Top of RECORDS SHOWN

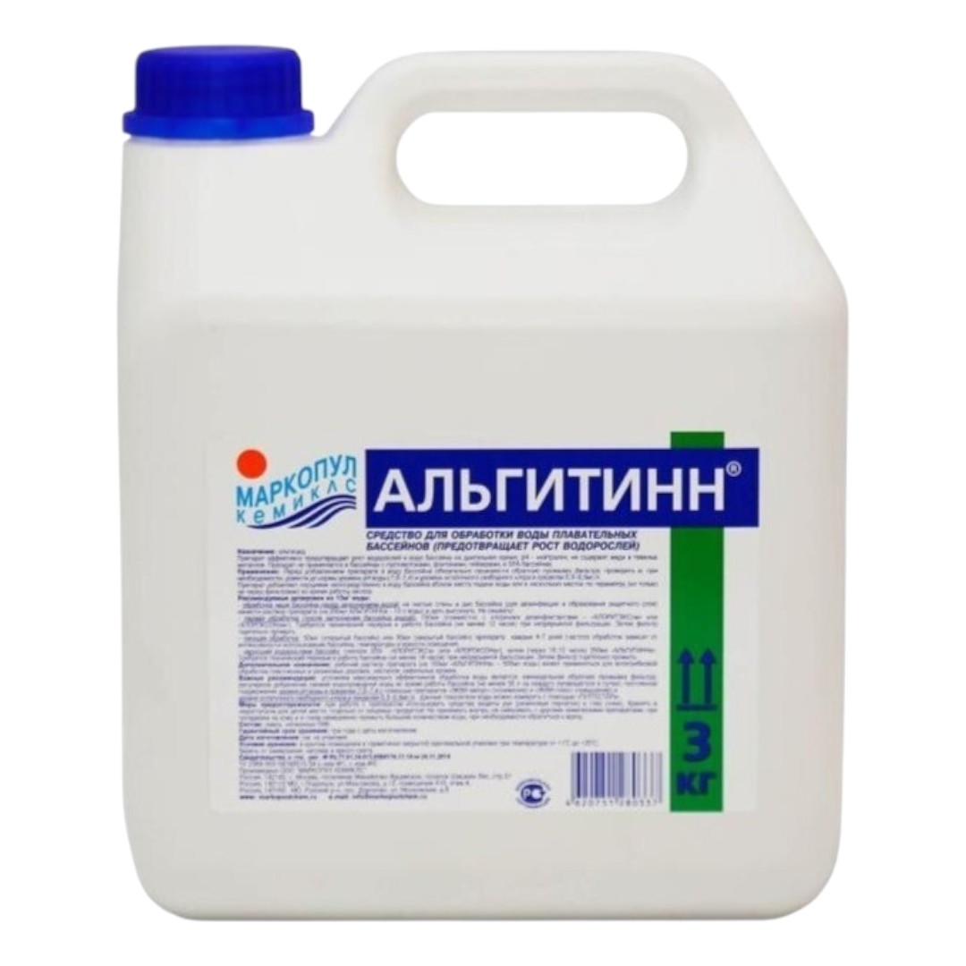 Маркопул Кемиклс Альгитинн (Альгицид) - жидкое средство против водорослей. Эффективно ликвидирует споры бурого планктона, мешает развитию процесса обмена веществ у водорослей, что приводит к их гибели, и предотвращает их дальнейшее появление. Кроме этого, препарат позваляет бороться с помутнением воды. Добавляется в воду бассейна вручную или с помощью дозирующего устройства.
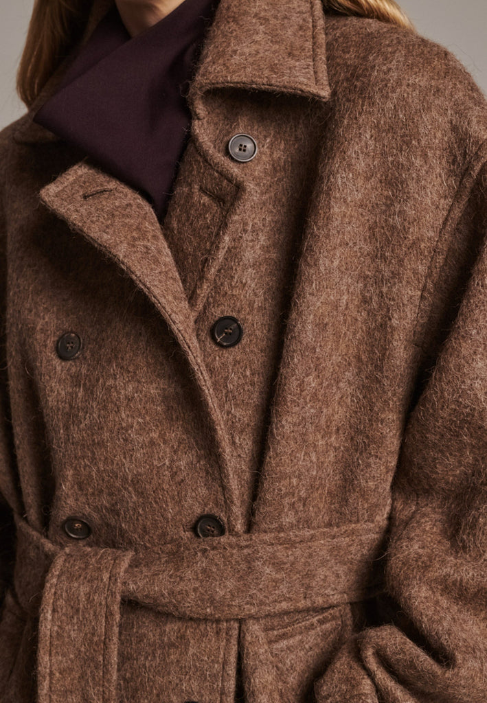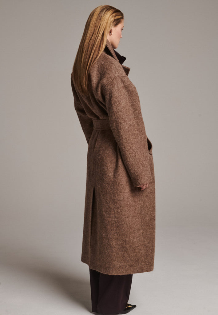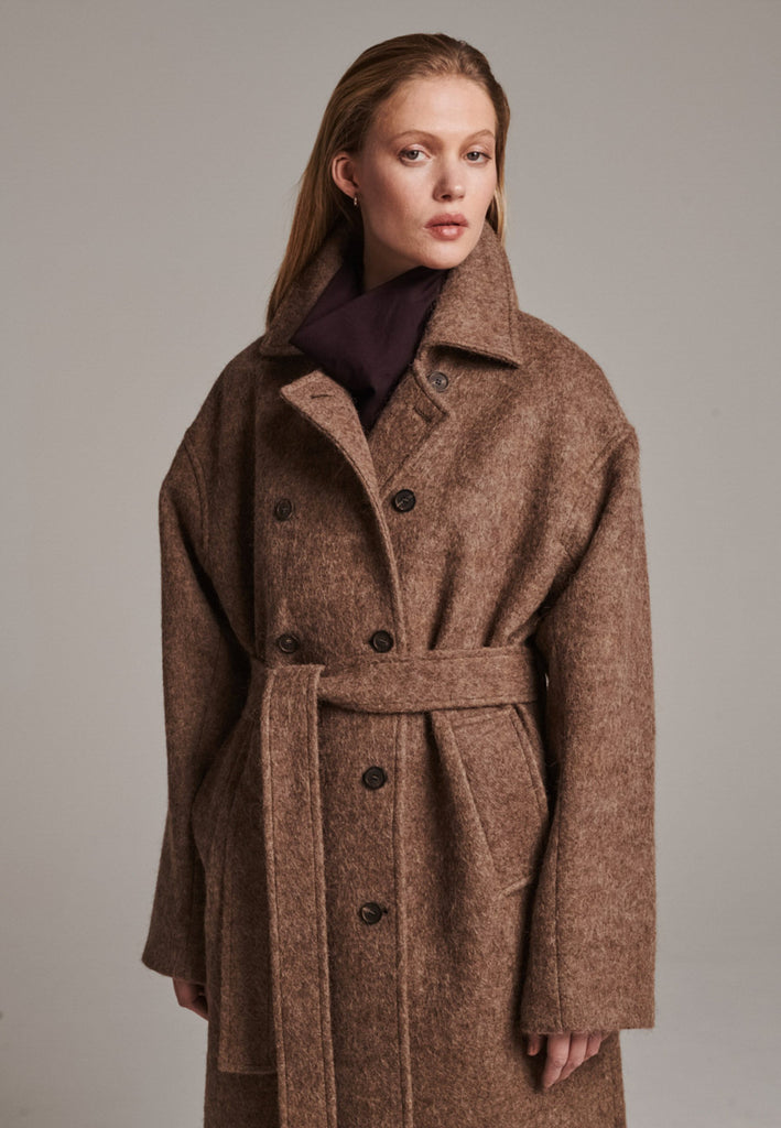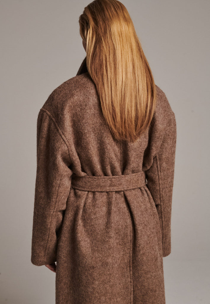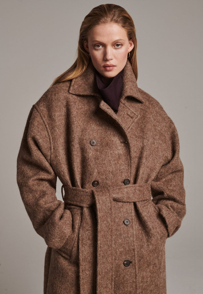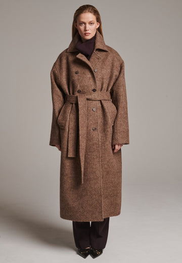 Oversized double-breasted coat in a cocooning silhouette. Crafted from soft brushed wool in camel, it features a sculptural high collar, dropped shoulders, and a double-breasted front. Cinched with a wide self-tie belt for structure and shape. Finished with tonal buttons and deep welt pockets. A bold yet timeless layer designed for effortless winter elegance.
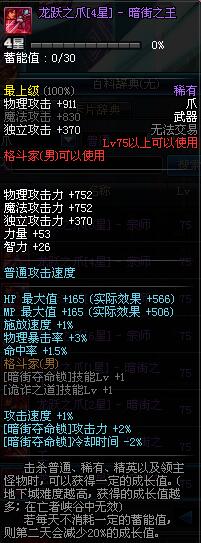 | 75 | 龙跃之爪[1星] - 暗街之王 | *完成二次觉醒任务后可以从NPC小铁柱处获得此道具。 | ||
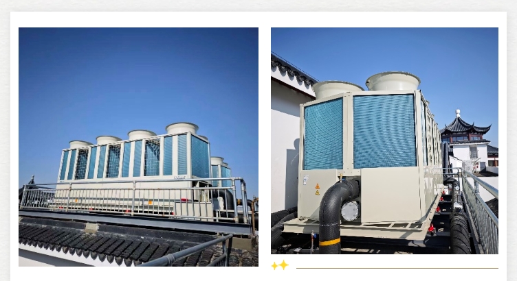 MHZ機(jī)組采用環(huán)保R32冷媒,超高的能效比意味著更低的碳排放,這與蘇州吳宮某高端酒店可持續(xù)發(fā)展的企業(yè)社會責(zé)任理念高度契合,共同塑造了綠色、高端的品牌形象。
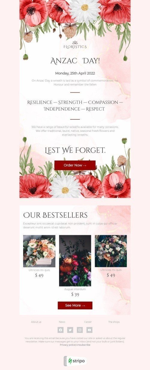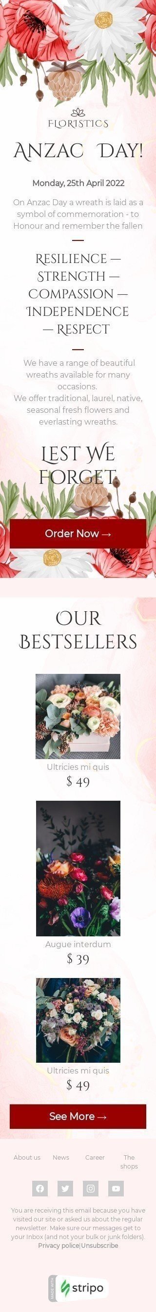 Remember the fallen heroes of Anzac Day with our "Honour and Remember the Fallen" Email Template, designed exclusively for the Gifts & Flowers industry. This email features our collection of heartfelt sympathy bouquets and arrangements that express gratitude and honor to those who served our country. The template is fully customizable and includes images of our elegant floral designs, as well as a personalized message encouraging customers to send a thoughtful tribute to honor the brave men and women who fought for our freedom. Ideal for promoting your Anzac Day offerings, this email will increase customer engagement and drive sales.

Bottom of RECORDS SHOWN
Top of RECORDS SHOWN

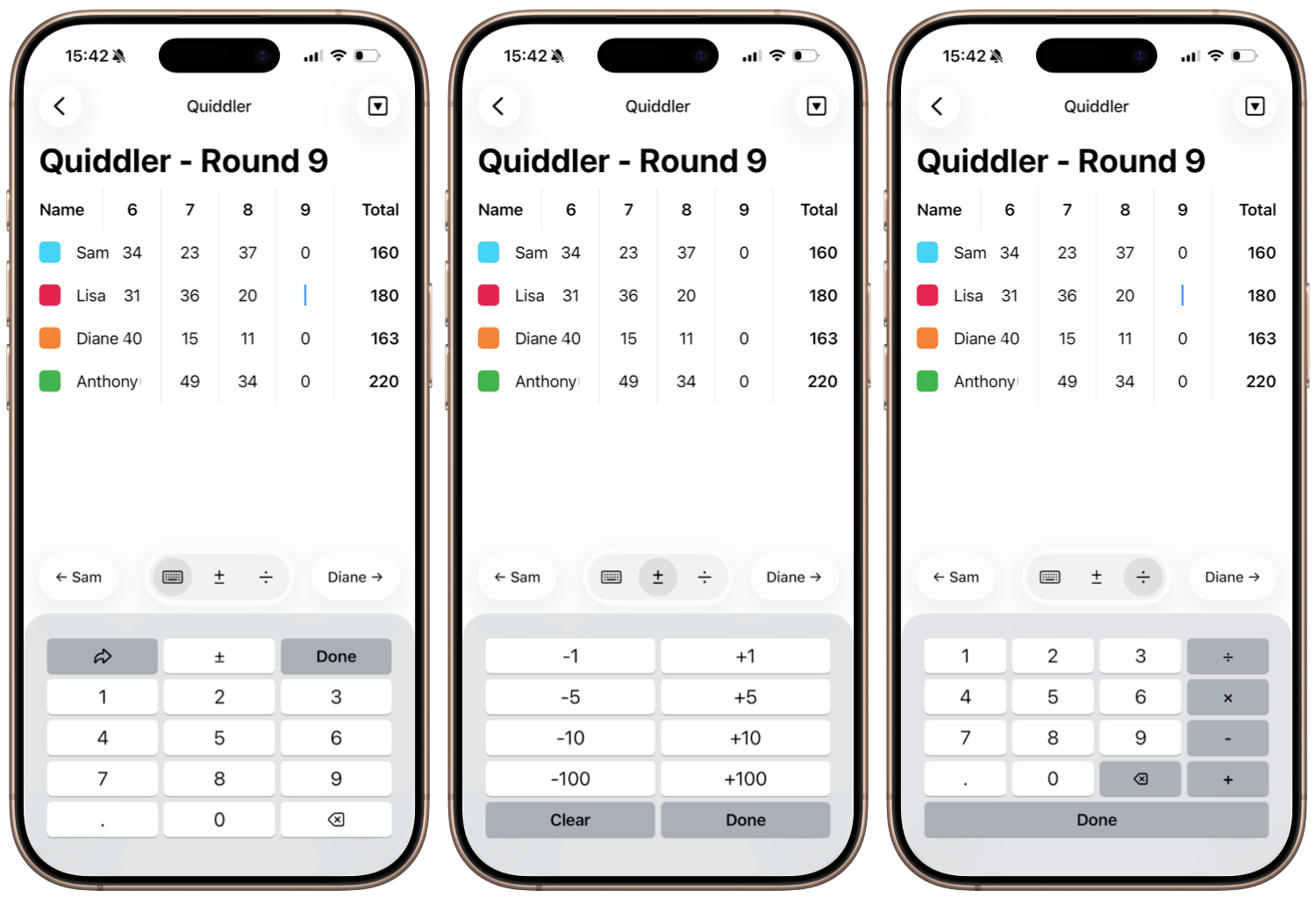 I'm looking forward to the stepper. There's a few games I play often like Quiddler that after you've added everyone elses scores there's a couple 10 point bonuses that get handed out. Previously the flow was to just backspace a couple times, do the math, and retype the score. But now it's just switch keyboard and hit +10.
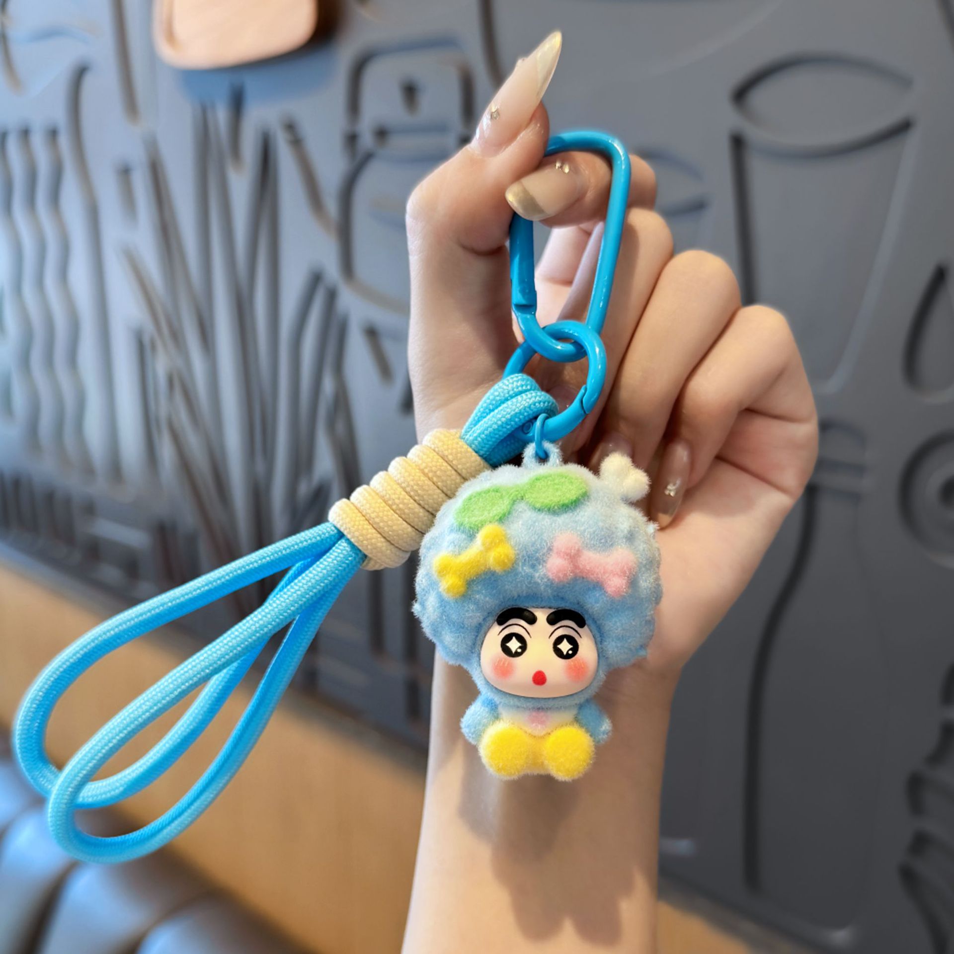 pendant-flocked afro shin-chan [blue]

Bottom of RECORDS SHOWN
Top of RECORDS SHOWN

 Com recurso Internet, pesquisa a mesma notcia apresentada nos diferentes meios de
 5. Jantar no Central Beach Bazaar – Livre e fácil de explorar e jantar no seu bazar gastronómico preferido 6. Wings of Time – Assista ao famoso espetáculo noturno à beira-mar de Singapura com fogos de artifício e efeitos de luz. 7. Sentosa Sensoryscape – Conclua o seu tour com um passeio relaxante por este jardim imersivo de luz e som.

Bottom of RECORDS SHOWN

EXERCISE REQUIREMENTS >> Could you repeat, exactly, only the lines above starting at the one that has "暗街之王 | *完成二次觉醒任务后可以从NPC小铁柱处获得此道具。 | ||" and stopping after the one that has "MHZ機(jī)組采用環(h", without the pictures?

ANSWER >>
 | 75 | 龙跃之爪[1星] - 暗街之王 | *完成二次觉醒任务后可以从NPC小铁柱处获得此道具。 | ||
 MHZ機(jī)組采用環(huán)保R32冷媒,超高的能效比意味著更低的碳排放,這與蘇州吳宮某高端酒店可持續(xù)發(fā)展的企業(yè)社會責(zé)任理念高度契合,共同塑造了綠色、高端的品牌形象。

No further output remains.